Activity: From the line that contains "-Вставьте TF-карту до" down to the final line of the listing below, set down every line exactly, both ends included, and drop the pictures.

Data below:
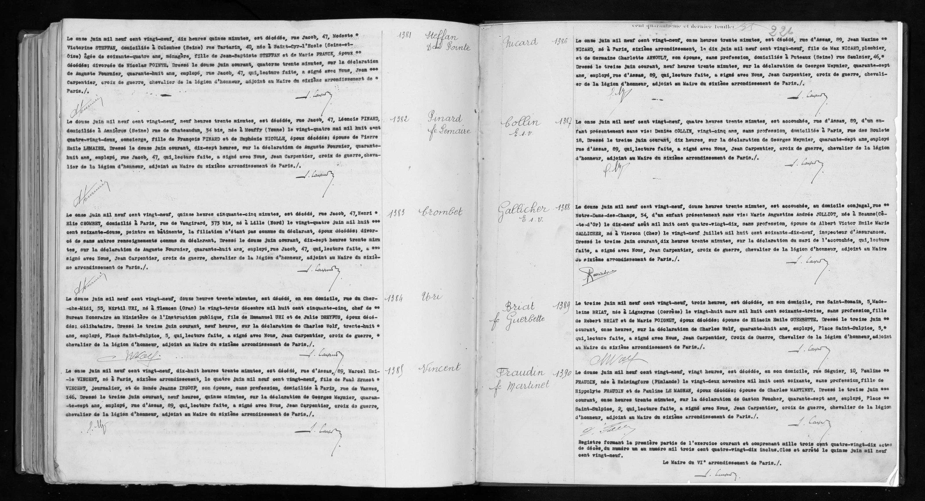 Marie Poignet, époux décédés ; épouse de Eliacin Emile Guerbette. Dressé le treize juin courant, onze heures, sur la déclaration de Charles Wolf, quarante-huit ans, employé, Place Saint-Sulpice, 5e qui, lecture faite, a signé avec Nous, Jean Carpentier, Croix de Guerre, Chevalier de la légion d’honneur, adjoint au Maire du sixième arrondissement de Paris.
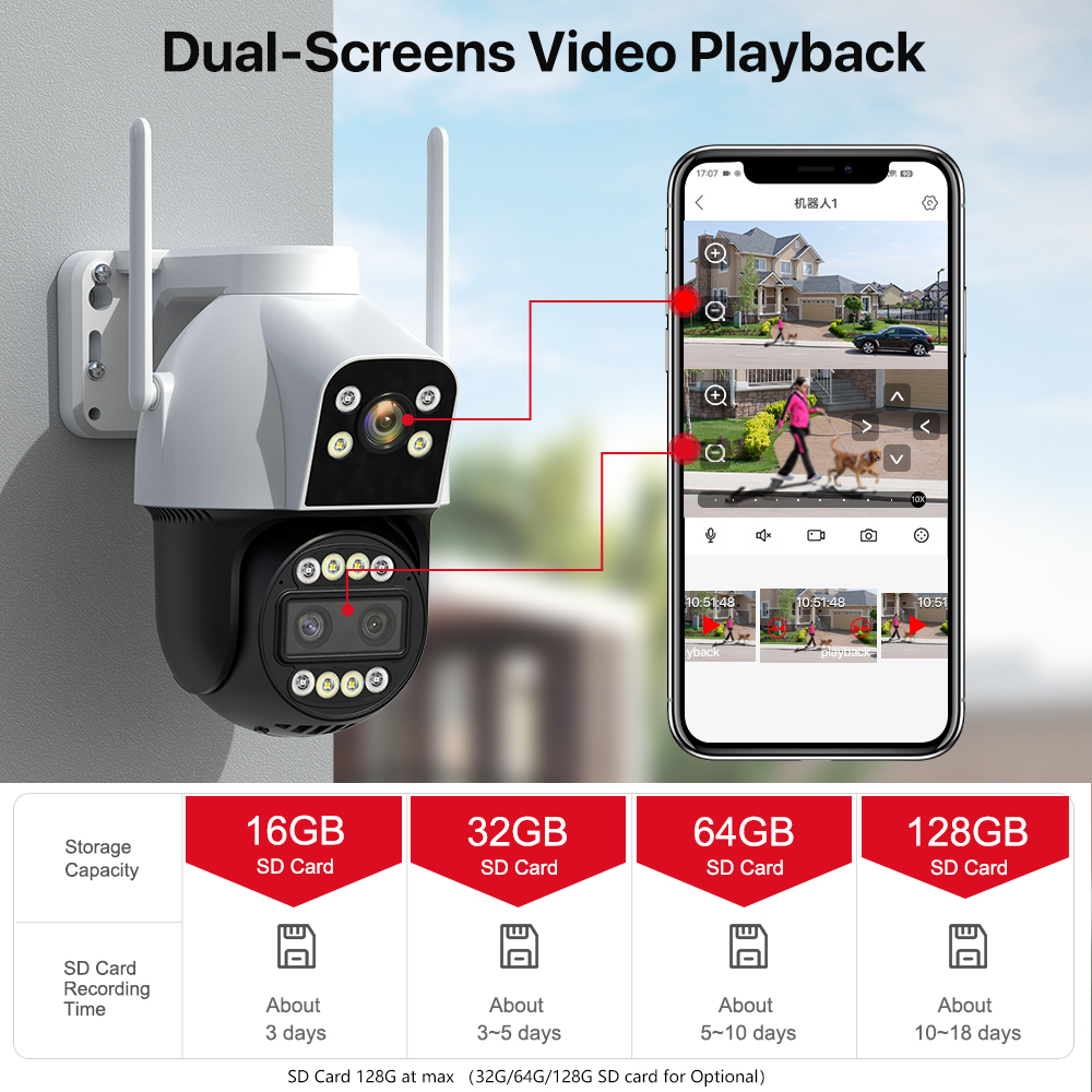 -Вставьте TF-карту до 128 ГБ (TF можно выбрать по мере необходимости), что поможет вам сохранить видео, которое вы не хотите удалять
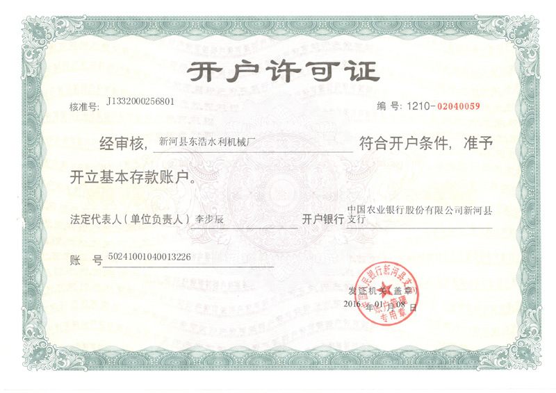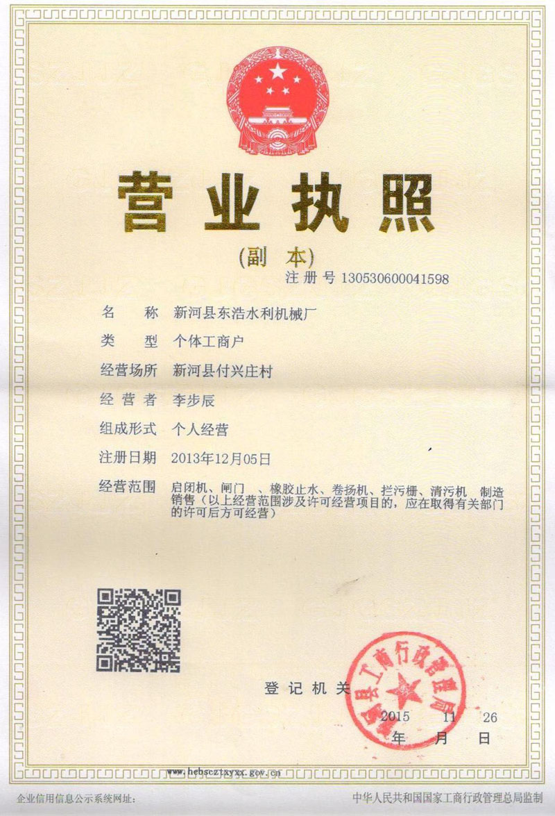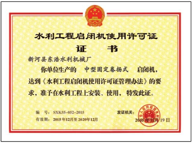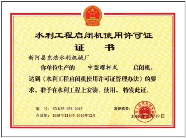 螺桿啟閉機使用許可證
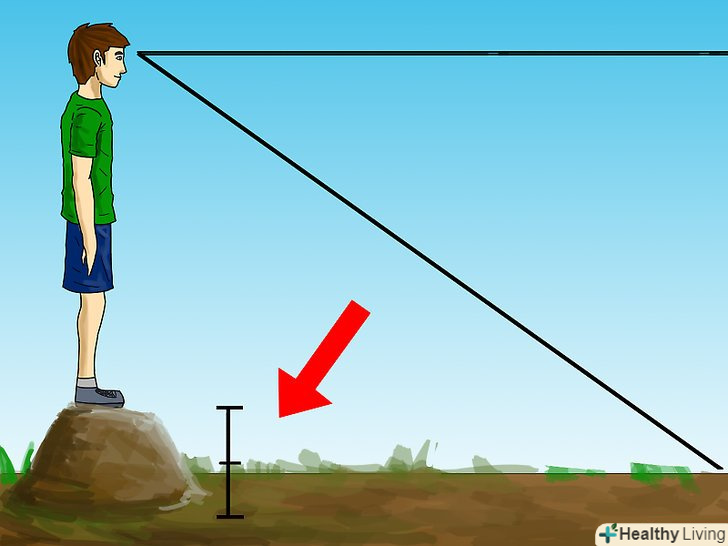Виміряйте "висоту очей". виміряйте висоту від землі до ваших очей. Один із способів зробити це-виміряти відстань між очима і верхньою частиною голови. Відніміть це значення з вашого зростання і ви отримаєте висоту від поверхні Землі до ваших очей. Якщо ви стоїте на рівні моря, то це єдиний вимір, який потрібно провести.

Task response:
 -Вставьте TF-карту до 128 ГБ (TF можно выбрать по мере необходимости), что поможет вам сохранить видео, которое вы не хотите удалять
 螺桿啟閉機使用許可證
Виміряйте "висоту очей". виміряйте висоту від землі до ваших очей. Один із способів зробити це-виміряти відстань між очима і верхньою частиною голови. Відніміть це значення з вашого зростання і ви отримаєте висоту від поверхні Землі до ваших очей. Якщо ви стоїте на рівні моря, то це єдиний вимір, який потрібно провести.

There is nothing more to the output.